# Thought I Had Moved On



## Catarina1985 (Aug 18, 2014)

I had got through my Brother having his beautiful girl, and revel in the Auntie role, all be it long distance as my Brother lives in Poland.

In 2009 my marriage broke down and I lost contact with my dear stepson who had been in my life weekends/hols for 9 years from the age of 2.

A colleague at work got pregnant and I am her Manager, and although she took every opportunity to tell me how hard things were for her and she went off on mat leave really early, i guess i coped by being practical and in Manager mode - just dealing with the work side of things and being supportive.

I then got together with my wonderful, supportive partner who I am engaged to 

Then in 2012 another colleague had a baby who didnt want children and was in denial.  She was always adamant that she told ber husband she was only having 1.  This became a running joke with her, and I felt so angry towards her as I didnt and still dont feel that she appreciates how lucky she is.  She seems to have traded the baby for an eternity ring and an extension!!  But even she does light up when talking about her little boy.

Then about a year later I returned from holiday to an email from the colleague i manage to say she was pregnant again.  This was blown out the water by a close work friend saying she was expecting twins!  So any relief i felt at the first colleague being out on reception and working less hours has been wiped out by the 2 other colleagues sitting next to me talking baby talk all day!  The one saying how awful it all is and shes so glad shes only having one, and everyone else wanting to talk twins!

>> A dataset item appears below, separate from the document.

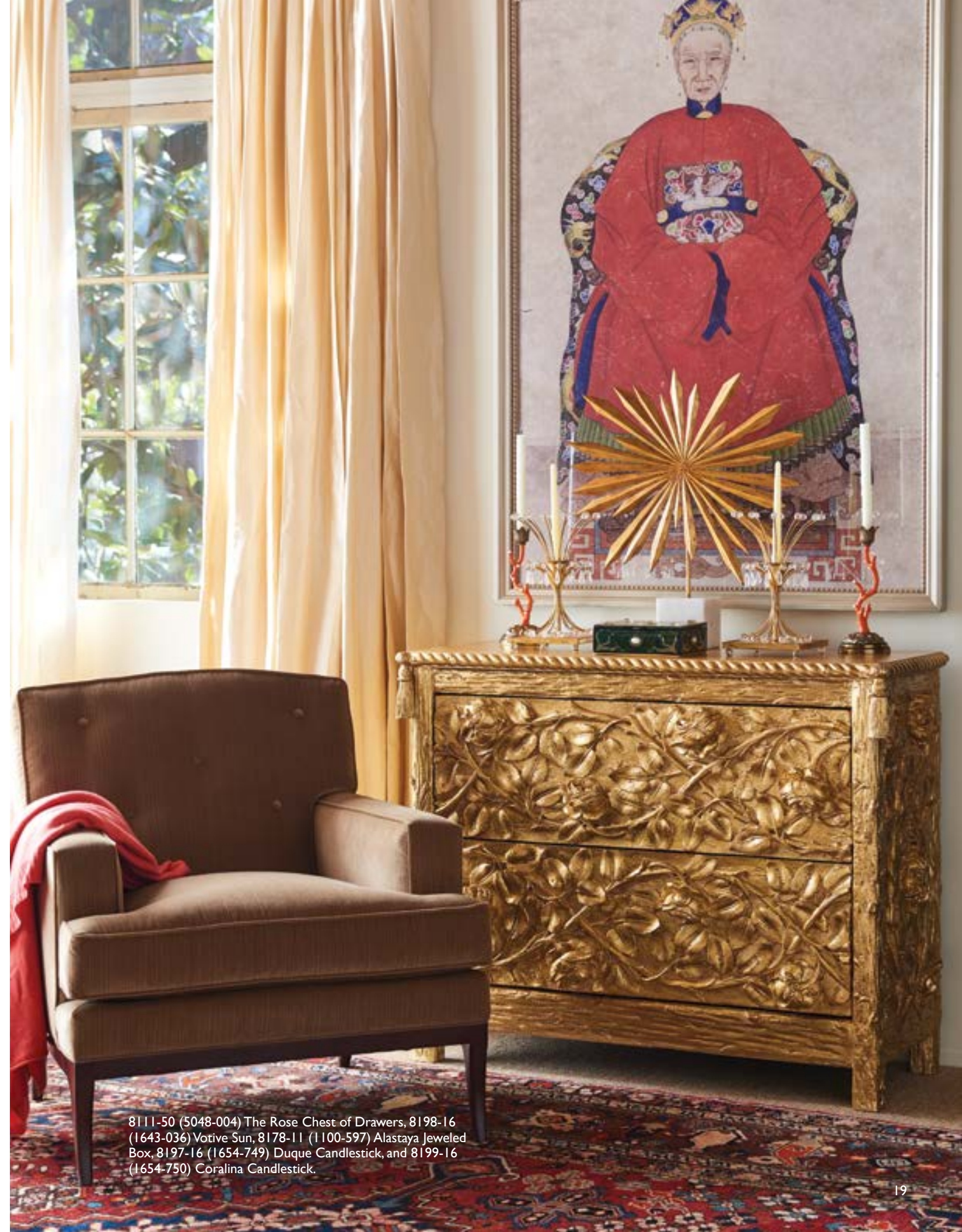
8111-50 (5048-004) The Rose Chest of Drawers, 8198-16 (1643-036) Votive Sun, 8178-11 (1100-597) Alastaya Jeweled Box, 8197-16 (1654-749) Duque Candlestick, and 8199-16 (1654-750) Coralina Candlestick.

I am so happy generally, having worked on the anxiety in my life through CBT up until Jul this year, and getting a mortgage at long last after my post divorce bankruptcy that I feel so conflicted and knocked sideways by this upset when i thought i was okay with how things were.

Sorry to rant!


----------



## Molly99 (Apr 16, 2012)

Oh Catarina, if it's one thing that you aren't doing it's ranting  

I don't think that it ever goes away, life always goes on for everyone else and we will always have to live surrounded by people who effortlessly conceive whether they want to or not.  It's almost like the way that cats are attracted like magnets to people that don't like them....when people know that you can't have children or are struggling too they almost get verbal diarrhea about their babies  

I seem to have good days, maybe even more than bad and sad days when I feel like the only woman in the world who won't ever have a family.  The week that I maybe don't think about what's missing in my life will be one to celebrate.  From what some lovely ladies told me when I realised that I'll never have a child is that it will always be there, it just gets easier to live with rather than ever going away.  It's not how you expect your life to turn out is it  

It's amazing to hear such wonderful news about your life moving onwards and upwards, I'm so pleased for you.  Just being able to talk about the times and situations that you find hard makes it a little more bearable xx


----------